_EXERCISE AIM:_ Every line of the material below needs to be copied exactly; omit the pictures.

_DATA:_
==================================================

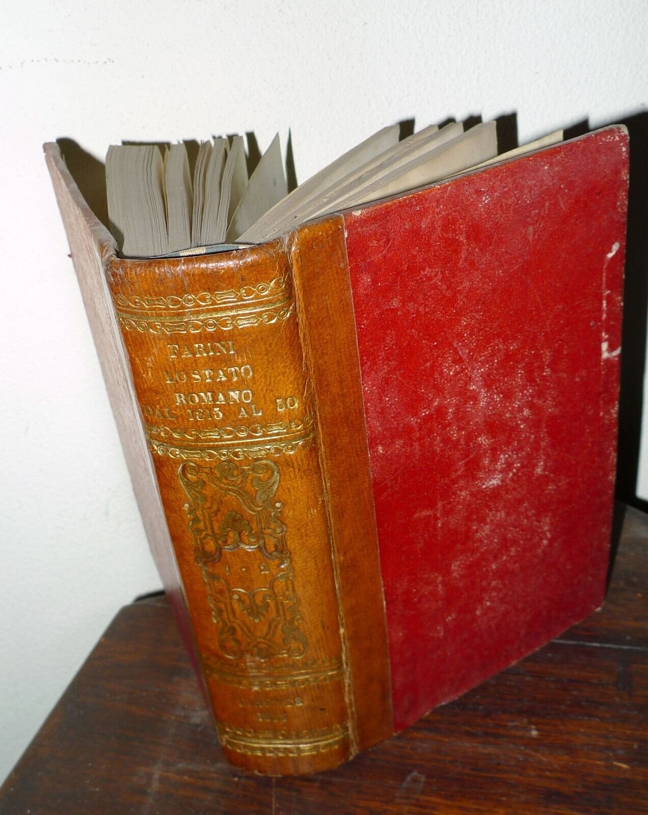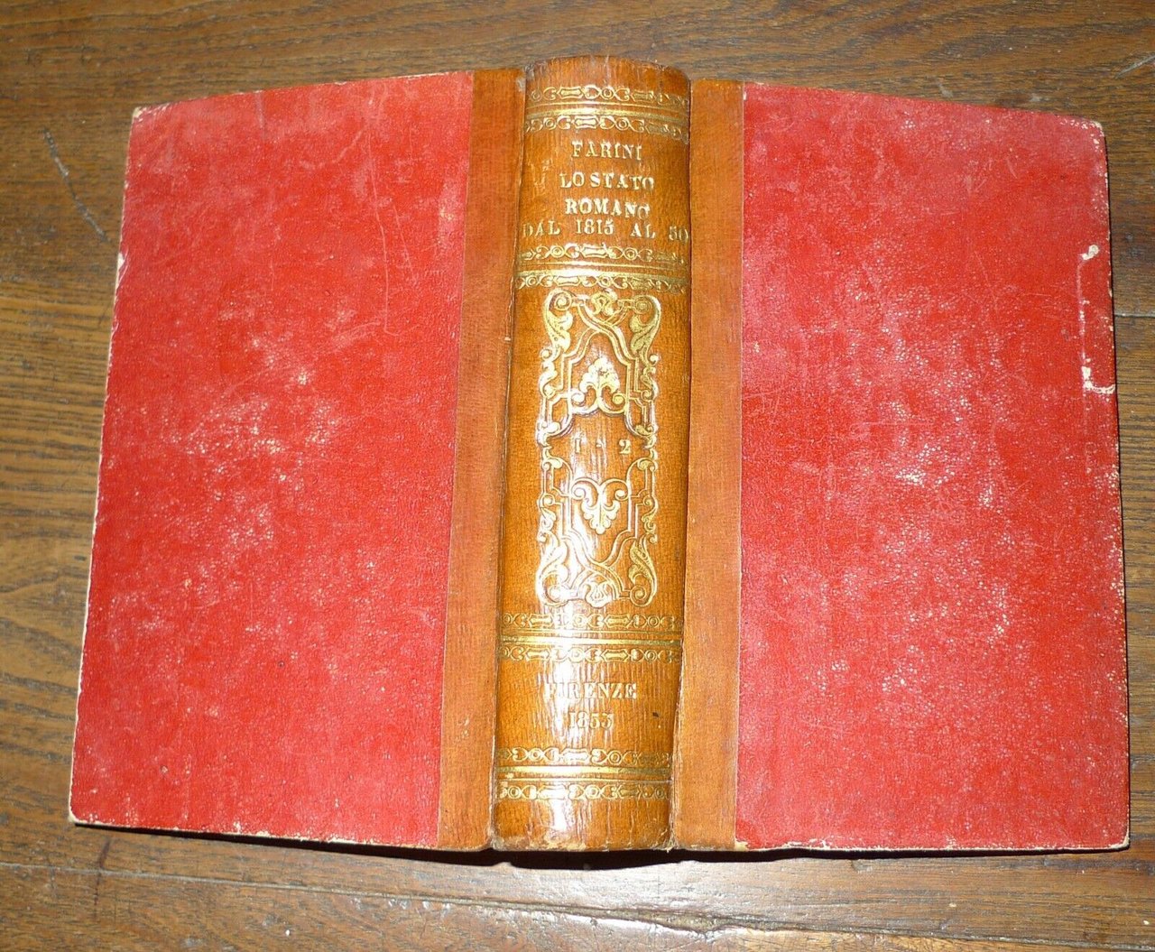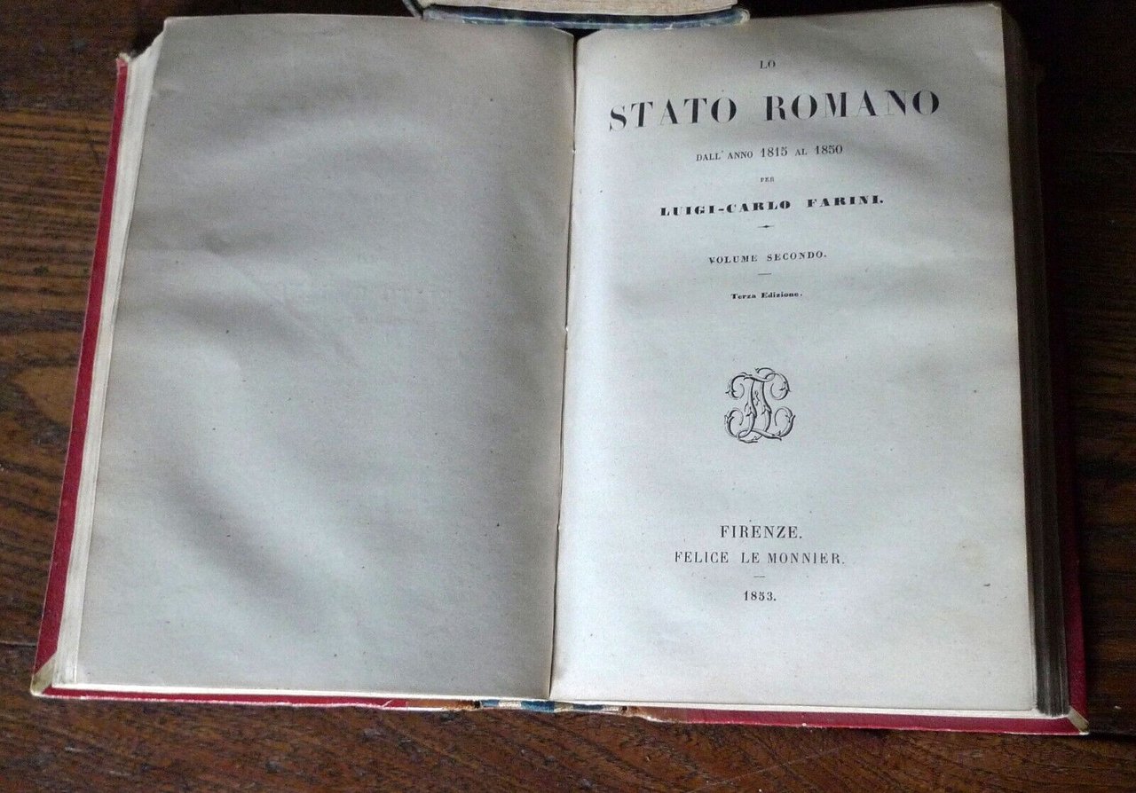 LO STATO ROMANODALL'ANNO 1815 AL 1850PER LUIGI-CARLO FARINI.VOLUME PRIMO.VOLUME SECONDO.[2 VOLUMI, DI 4, RILEGATI IN UN UNICO TOMO].FIRENZE, FELICE LE MONNIER, 1853,TERZA EDIZIONE,copertina rigida, rilegatura coeva in mezza pelle,18,5x12 cm., pp.VIII-380; 397,peso: g.650
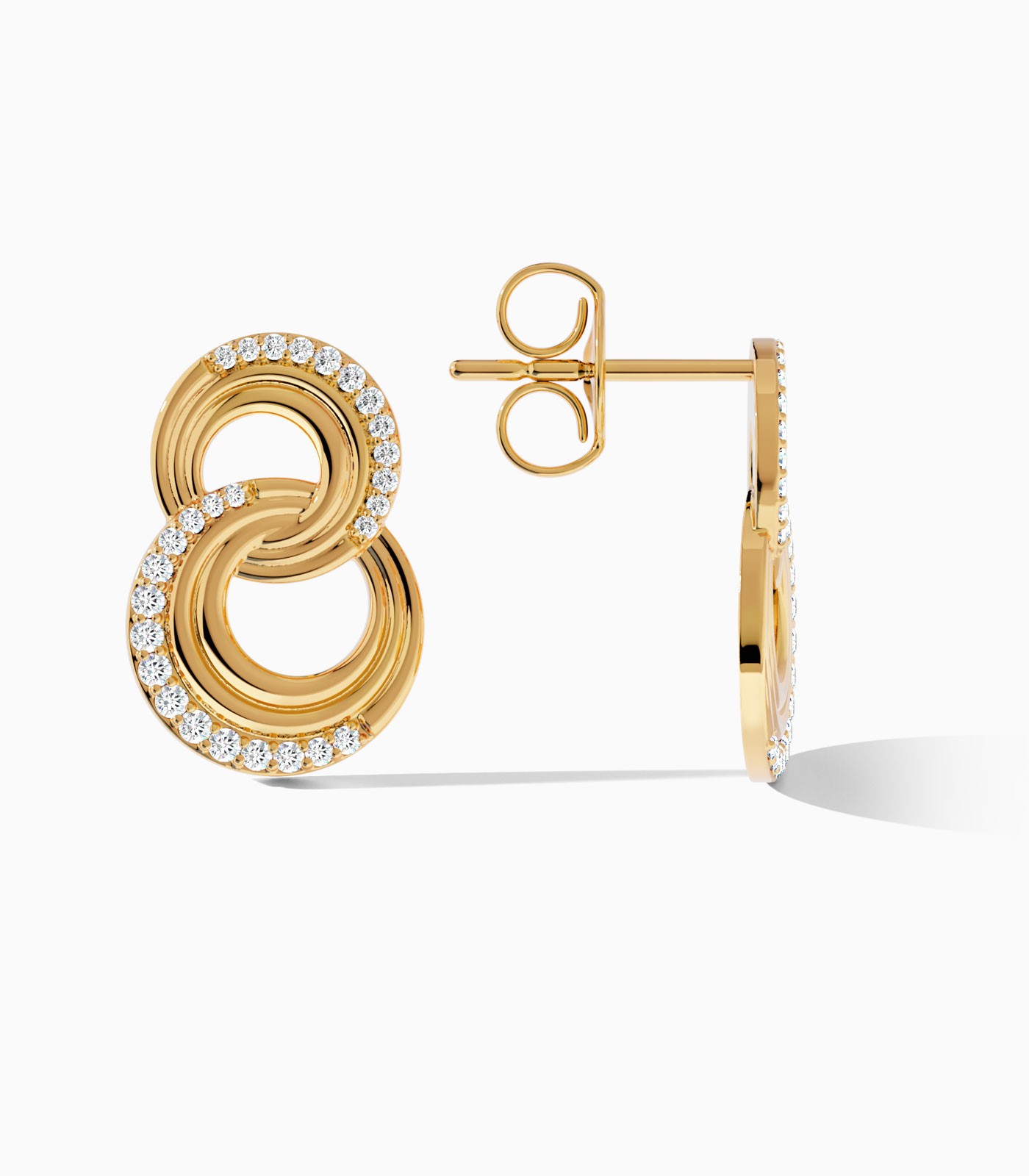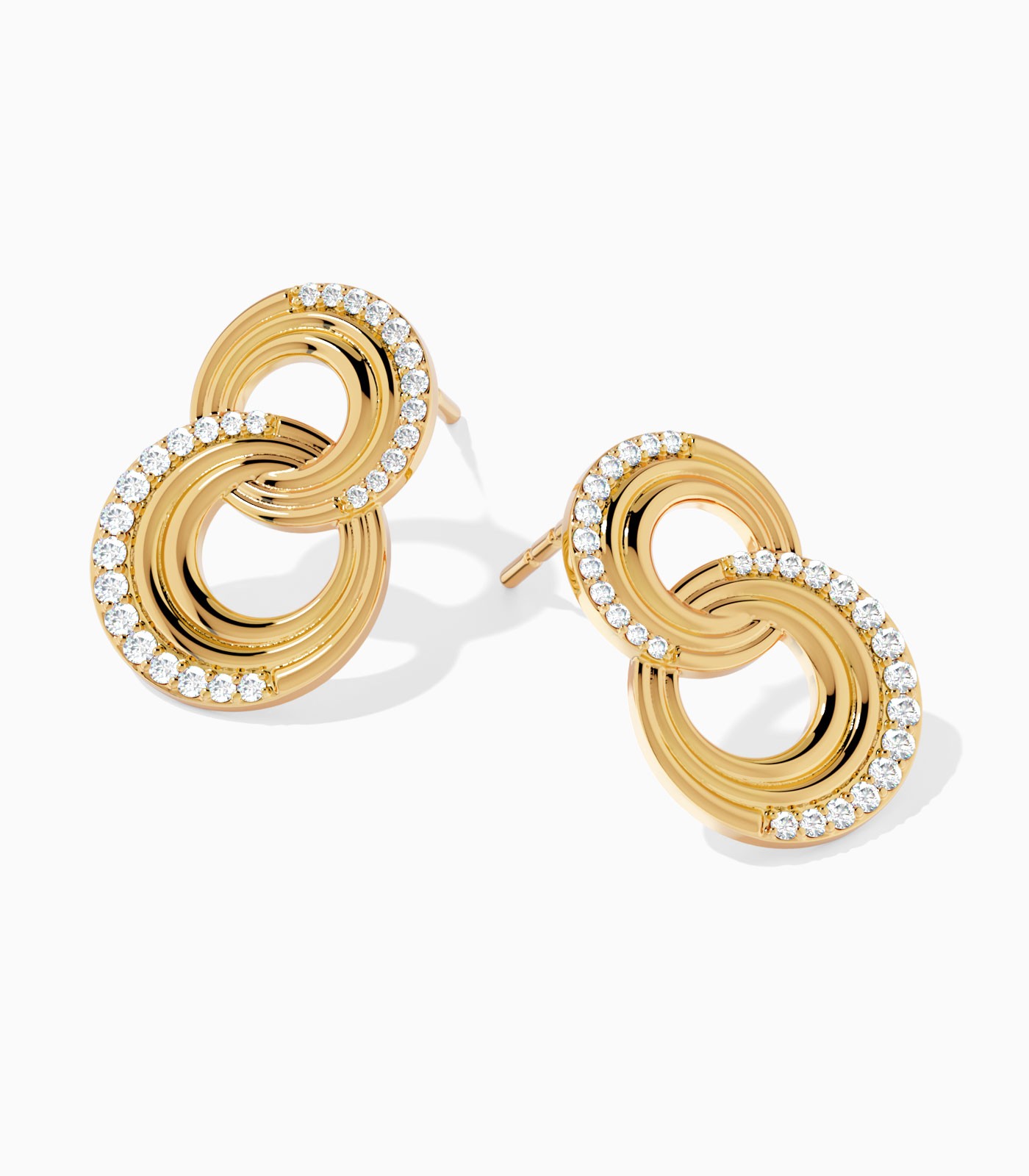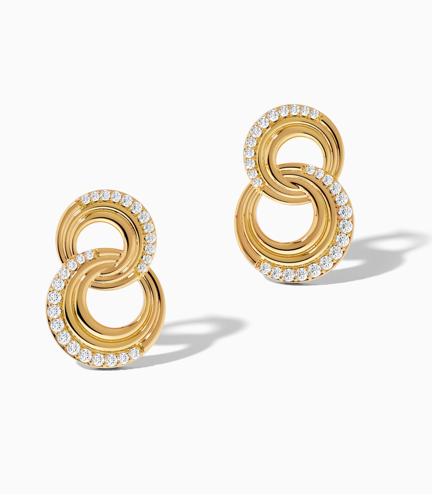 These 18k gold interlocking loop earrings present a unique, fascinating design of two circles intertwined, their edges embellished with precision-set diamonds. The dual-loop form plays with light and space, creating a mesmerizing effect.
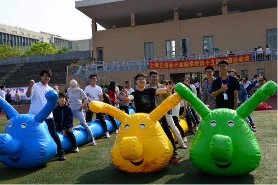 当天下午阳光明媚,参赛队员们热情高涨。本届运动会最受关注的运动项目是“快乐毛毛虫”,该项目是由八名队员一同骑在可爱亮眼的大型道具毛毛虫上,在指定跑道上完成。“有轨电车”项目需要十名队员两脚分别踩着木板,统一步伐共同前进。“摸石头过河”项目需要队员们通过三个海绵砖交替搭桥过“河”。经过努力拼搏,财税与公共管理学院代表队取得团体总分第一名,统计与数学学院和序伦书院代表队分获第二、三名。

==================================================

_RESPONSE BOX:_
 LO STATO ROMANODALL'ANNO 1815 AL 1850PER LUIGI-CARLO FARINI.VOLUME PRIMO.VOLUME SECONDO.[2 VOLUMI, DI 4, RILEGATI IN UN UNICO TOMO].FIRENZE, FELICE LE MONNIER, 1853,TERZA EDIZIONE,copertina rigida, rilegatura coeva in mezza pelle,18,5x12 cm., pp.VIII-380; 397,peso: g.650
 These 18k gold interlocking loop earrings present a unique, fascinating design of two circles intertwined, their edges embellished with precision-set diamonds. The dual-loop form plays with light and space, creating a mesmerizing effect.
 当天下午阳光明媚,参赛队员们热情高涨。本届运动会最受关注的运动项目是“快乐毛毛虫”,该项目是由八名队员一同骑在可爱亮眼的大型道具毛毛虫上,在指定跑道上完成。“有轨电车”项目需要十名队员两脚分别踩着木板,统一步伐共同前进。“摸石头过河”项目需要队员们通过三个海绵砖交替搭桥过“河”。经过努力拼搏,财税与公共管理学院代表队取得团体总分第一名,统计与数学学院和序伦书院代表队分获第二、三名。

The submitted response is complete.